# calamity fuzz build



## Bobbyd67 (Aug 2, 2020)

Finally got a photo compression app so I can post photos on the forum now xD. 

Here's a build of the calamity fuzz, it's just awesome... If you haven't build it yet, order it now xD. I really love the calamity Jane graphics I did on this one


----------



## Chuck D. Bones (Aug 8, 2020)

NICE!
A couple of questions:
1) Where did you get your JFETs?
2) Can you please measure and report the drain voltages?

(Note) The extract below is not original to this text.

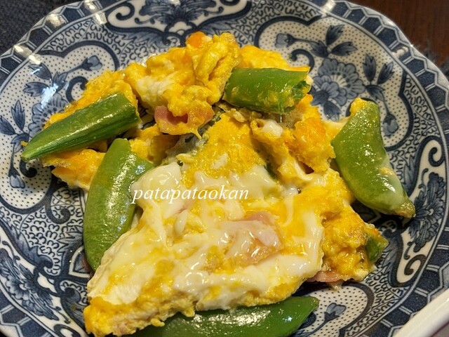 ・スナップエンドウとベーコンの卵とじ
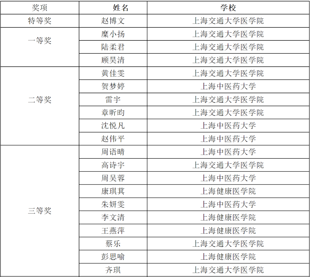 暨首届上海市老员工营养专业技能大赛获奖名单

I'm fixing one for a friend and I'm having trouble finding JFETs that work.


----------



## Bobbyd67 (Aug 8, 2020)

Chuck D. Bones said:


> NICE!
> A couple of questions:
> 1) Where did you get your JFETs?
> 2) Can you please measure and report the drain voltages?
> ...



Yep I used j201 smds from mouser.
Here is the exact link from my order ^^



			https://www.mouser.ca/ProductDetail/on-semiconductor/mmbfj201/?qs=ljbEvF4DwONpFpdsobl6fQ==&countrycode=CA&currencycode=CAD
		


I will try to go down in the basement and mesure the drain on my multimeter ! I would have love to mesure the transistor on my mega328 but it died on me about a week ago


----------



## Robert (Aug 8, 2020)

Chuck D. Bones said:


> I'm fixing one for a friend and I'm having trouble finding JFETs that work.

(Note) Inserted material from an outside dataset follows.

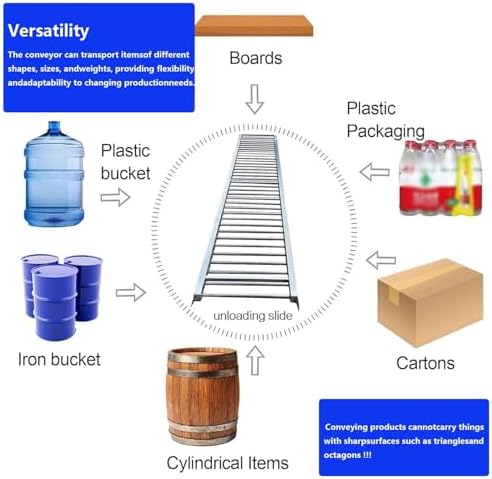 Roller Conveyor Skate Wheel Flow Rail Portable Light-Duty Gravity Conveyor Unpowered Table roller gravity conveyor,Upgrade your material handling efficiency with our customizable conveyor rollers, designed to meet diverse project and building requirements. Made from high-quality 201 stainless steel, these replacement conveyor belt rollers are water and rust resistant, ensuring durability in various operating environments. Our rollers are engineered to withstand wear and impact without deformation or cracking, making them ideal for use in assembly lines, warehouses, and manufacturing facilities. The smooth and flat surface of the rollers guarantees steady, reliable motion and quiet operation, which is essential for maintaining a productive work environment. Whether you're enhancing an existing conveyor system or embarking on a DIY project, our heavy-duty stainless steel conveyor rollers offer effortless motion and increased efficiency. With options available in various widths (30cm, 35cm, 40cm, 50cm, and 60cm) and customizable lengths (1-10m, with splicing for lengths over 150cm), you can tailor the setup to fit your specific needs. Designed with practicality in mind, our rollers are equipped to handle flat items such as cartons, plastic boxes, and foam boxes, making them a versatile choice for your material handling tasks. The galvanized thickened square tube frame ensures stability and strength during operation. Included in your package is one unpowered roller conveyor slide along with installation parts. Please carefully confirm the required dimensions, including roller size, frame width, and roller centers, before placing your order. If you encounter any issues with receiving, installing, or using the product, our professional support team is always ready to assist you. Experience the benefits of improved efficiency and reliability with our stainless steel conveyor rollers today!

Want me to pull the ones off my prototype build and send them to you?


----------



## Chuck D. Bones (Aug 8, 2020)

Bobbyd67 said:


> I will try to go down in the basement and mesure the drain on my multimeter ! I would have love to mesure the transistor on my mega328 but it died on me about a week ago



I need you to measure them in-circuit on your Calamity board.  It looks like they have to be at the very bottom end of the spec for Vp & Idss to work in this pedal.


----------



## Chuck D. Bones (Aug 8, 2020)

Robert said:


> Want me to pull the ones off my prototype build and send them to you?


Sure, that would be great!  Thank you, Sir!


----------



## Bobbyd67 (Aug 8, 2020)

Chuck D. Bones said:


> I need you to measure them in-circuit on your Calamity board.  It looks like they have to be at the very bottom end of the spec for Vp & Idss to work in this pedal.

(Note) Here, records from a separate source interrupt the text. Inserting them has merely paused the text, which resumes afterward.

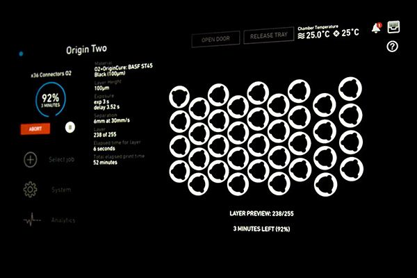 Origin Two aporta los beneficios de la manufactura aditiva para la producción de alta mezcla y bajo volumen a las aplicaciones de alta precisión. Ideal para ciclos de producción cortos; se adapta tanto a tolerancias estrictas como a piezas grandes y complejas.
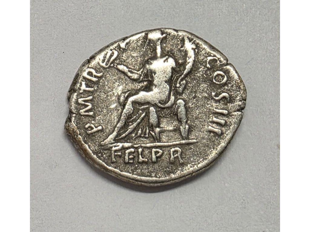 Hadrianus 117-138 n.l., Denár, FEL P R P M TR P COS III, Felicitas sediaca vľavo, VF
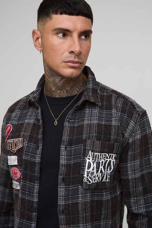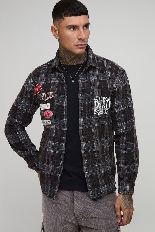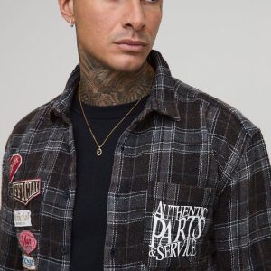 Tall Badge Detail Distressed Acid Wash Checked Shirt
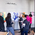 For moments of leisure, the hotel's cozy lounge, complete with a fireplace, invites guests to unwind or host small meetings in a tranquil atmosphere. The hotel's stylish decor, featuring bright-red rugs and trendy furniture, including zebra-striped armchairs, provides the perfect backdrop for relaxation or casual gatherings.
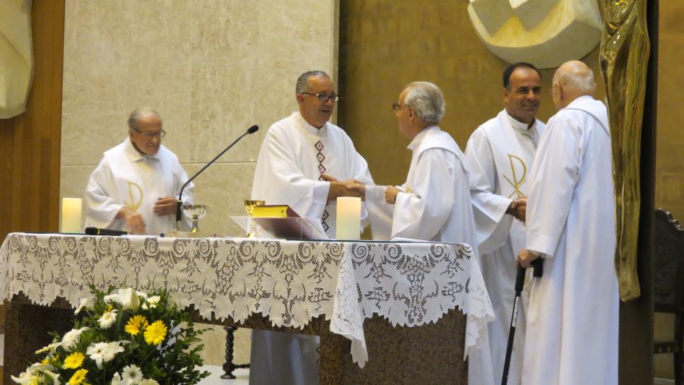 Da esq. para dir.: 1° prof. pe. Jesús Hortal Sànchez S.J. (TEO), 2° prof. pe. Josafá Carlos de Siqueira S.J. (BIO, Reitor), 3° prof. pe. Pedro Magalhães Guimarães Ferreira S.J. (ELE), 4° prof. pe. Luís Corrêa Lima S.J. (TEO), 5° prof. pe. Amarilho Checon S.J.

I am trying to get loose on my end ... but I got a accord with the wife not to tinker on pedals in the day time on weekends xD I am waiting for the opportune time not to get scolded :/


----------



## Chuck D. Bones (Aug 8, 2020)

Hey, no rush, Man. I just wanted to be clear about what I was asking.  I get it, I have things I should be doing other than pedals too...


----------



## Bobbyd67 (Aug 8, 2020)

Chuck D. Bones said:


> Hey, no rush, Man. I just wanted to be clear about what I was asking.  I get it, I have things I should be doing other than pedals too...


^^ got them  
Q1 D:7.1v
      S:0.19v

Q2 D:0.9v
      S:0.16v

We're spending the night in the country at my folks house with the kids so packing everything and getting ready in the morning made it pretty much impossible to check the measurements .

I asked my dad for a screwdriver about 15 min ago... Then my wife gave me one of those looks xD then she said .... Tell me you didn't bring a pedal here...

I told her you don't understand !!! It's for Chuck!!! I have to do it!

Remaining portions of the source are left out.